Task. Below are the records; return every line from the one that contains "Para otra manifestación, una" to the last, exactly, skipping the pictures.

Data extracted from a collection.
┄┄┄┄┄┄┄┄┄┄┄┄┄┄┄┄┄┄┄┄
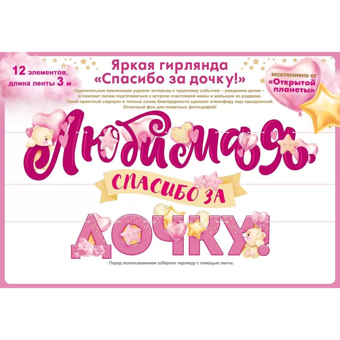 Красивая гирлянда "Любимая спасибо за дочку!" - прекрасное решение для украшения квартиры при встречи жены из роддома.
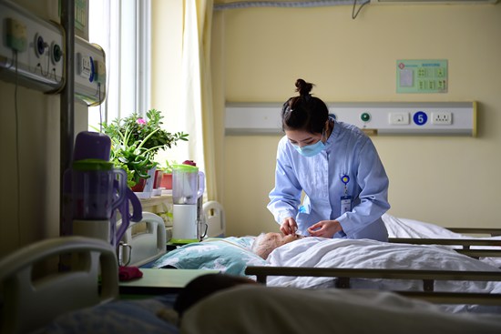 山东省青岛市交通医院专护病房的90后护士王晓燕正在照顾104岁的患者,她的工作就是让生活不能自理的老人体面地活着。视觉中国供图
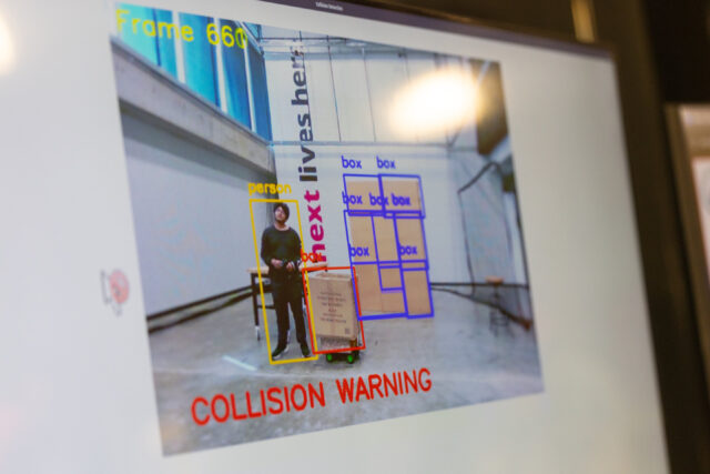 Para otra manifestación, una caja con ruedas que se paraba cuando una carretilla elevadora se acercó al trabajador estudiantil desde atrás y su reloj inteligente sonó una alarma para advertirle sobre el peligro que se acercaba.
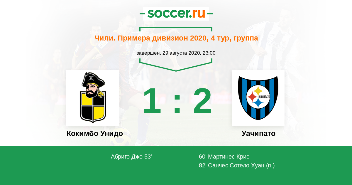 53' (1:0) Абриго Джо (10) (Фарфан Рубен (17))
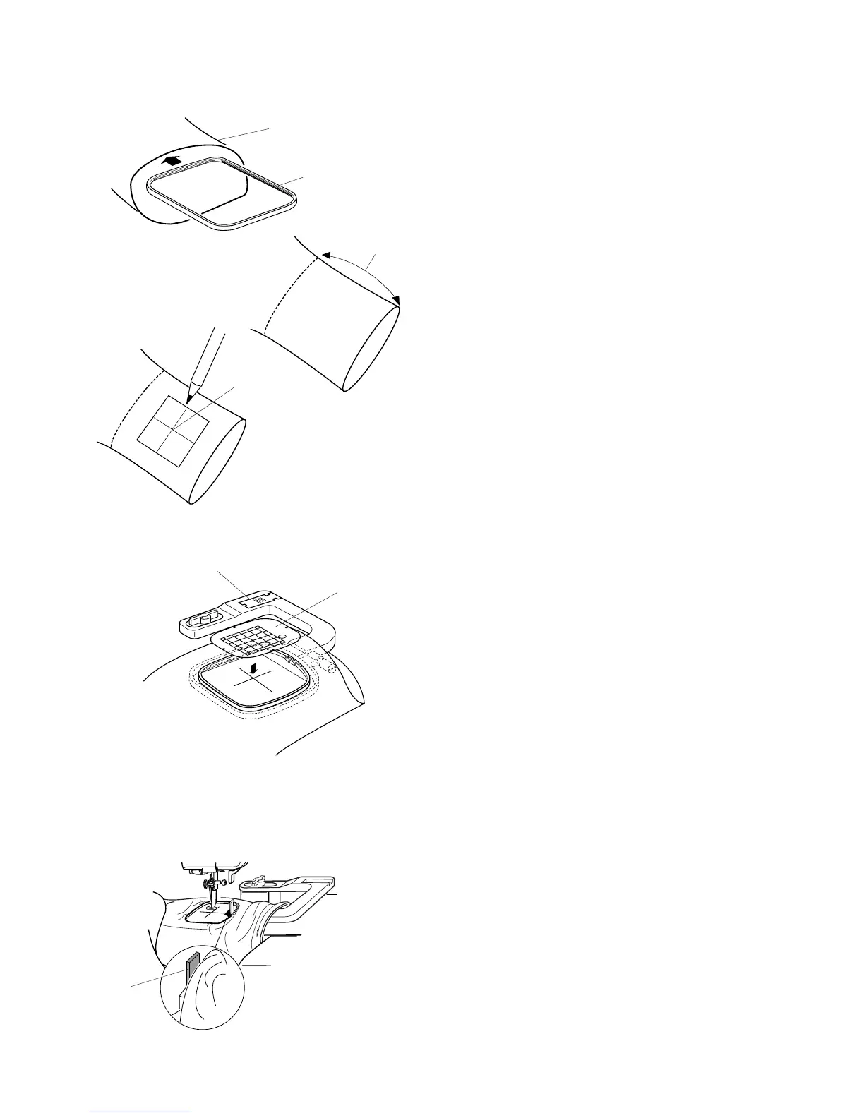 Place fabric around free arm and lock hoop onto carriage.
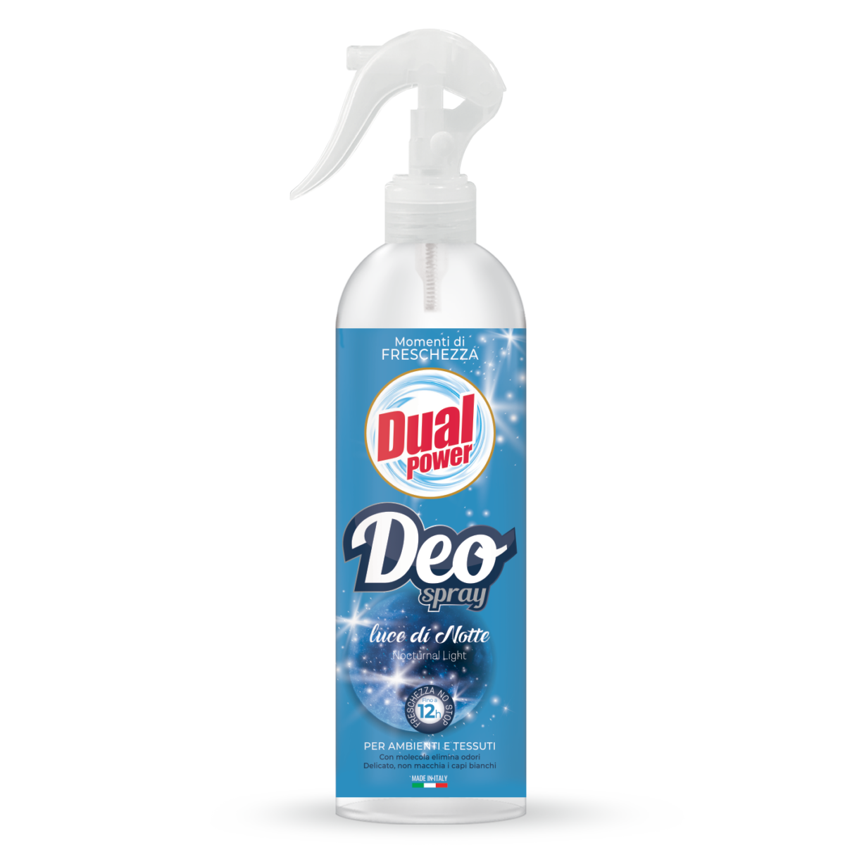 Dual Power Deo spray is the innovative room and fabric deodorising spray that leaves long-lasting fragrance without staining, even on white fabrics.
┄┄┄┄┄┄┄┄┄┄┄┄┄┄┄┄┄┄┄┄
Reply to the exercise.
 Para otra manifestación, una caja con ruedas que se paraba cuando una carretilla elevadora se acercó al trabajador estudiantil desde atrás y su reloj inteligente sonó una alarma para advertirle sobre el peligro que se acercaba.
 53' (1:0) Абриго Джо (10) (Фарфан Рубен (17))
 Place fabric around free arm and lock hoop onto carriage.
 Dual Power Deo spray is the innovative room and fabric deodorising spray that leaves long-lasting fragrance without staining, even on white fabrics.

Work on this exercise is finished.